Today we are going “old school” to talk about dominoes.  Dominoes have been around for centuries and have been used for all sorts of gaming in countries around the world.  Traditional dominoes were made of ivory with black dots, called “pips”.  A traditional complete set of dominoes has one unique piece for each possible combination for each end from 0 – 6.  When my kids were little one of our favorite things to do was to set the dominoes up like they are in the picture above and then knock them over.  If you lightly push the first domino in the row it will knock into the next one to create a “chain-reaction”.  This activity takes a lot of patience and perseverance and is probably more appropriate for older children or one-on-one interactions with a younger child.

There are literally hundreds of games that can be played with dominoes.  Here is a website that describes many of them.  For our purposes, a simple game of matching like ends to like ends can keep kids busy counting pips for days.

4 Replies to “Dominoes”

  1. Jen,
    Years ago, when I had my own home childcare, I lucked up on a set of large Dora dominoes. Because the dominoes were large pieces, we would place them on the floor to play with. I would help the children stand the dominoes up on the floor and space them one behind the other just right. I would then have the children take turns knocking them down which the children would say \”do it again!\” They really enjoyed watching them fall.

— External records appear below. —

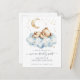 An adorable teddy bear sitting on a cloud with stars above, with the expression: "we can bearly wait". A trendy cute style for your big announcement. Modern serif type contrasted with script typography. An economical budget friendly postcard version.
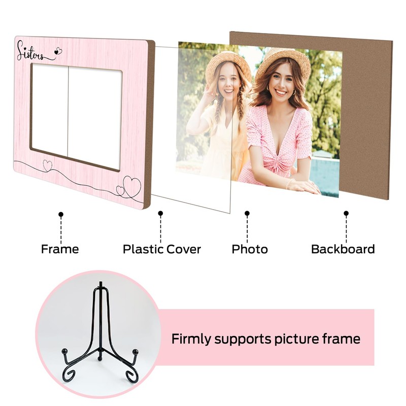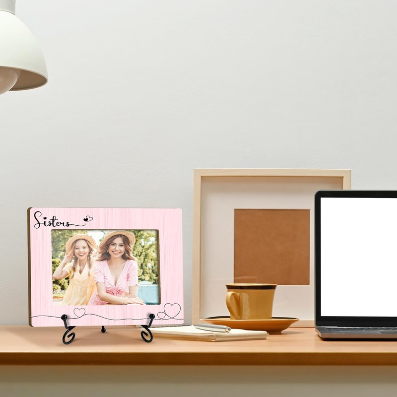 WwongxianB Rustic Wood Picture Frames For Sisters, Photo Gifts For Birthday Christmas, Pink Tabletop Display Desk Photo Frame Hold 4 * 6 Inch Picture, Home Office Desk Decor(Horizontal) -47
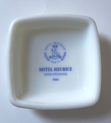 Vintage Hotel Meurice Ashtray Trinket Tray Square Milk Glass Excellent Paris
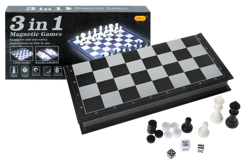 Магнитные игры 3 в 1 (шахматы, шашки, нарды). 3 кубика в комплекте. В комплекте: шахматы, шашки, нарды. Особенности: фигурки магнитятся к полю, так что их можно смело брать с собой в дорогу. Возраст - от 6 лет. Настольные Игры способствую развитию математических способностей, логического мышления, способности принимать самостоятельное решение, интеллекта, стратегического мышления, внимательности. Вес в упаковке: 485 г Вес без упаковки: 400 г Габариты в упаковке: 25 x 4,5 x 13 см. Габариты без упаковки: 25 x 25 x 2.2 см. Уважаемые клиенты, отправляя Вам товар, мы его пакуем самостоятельно, для того чтобы Вы не переплачивали за упаковку на почте, а платили только доставку. Это позволяет сэкономить от 10 до 100 грн в зависимости от объема посылки.

    1. I am so glad you wrote this Denise because next week I am going to write about large dominoes and how the play is so different when it is not on a table top and children can use their whole bodies. Look for it next Monday!

    1. Sometimes the only way to get children to play with certain materials is to allow them to \”knock them down\”. For me, the goal is to get them to interact with the materials first, and worry about what they learn from them later.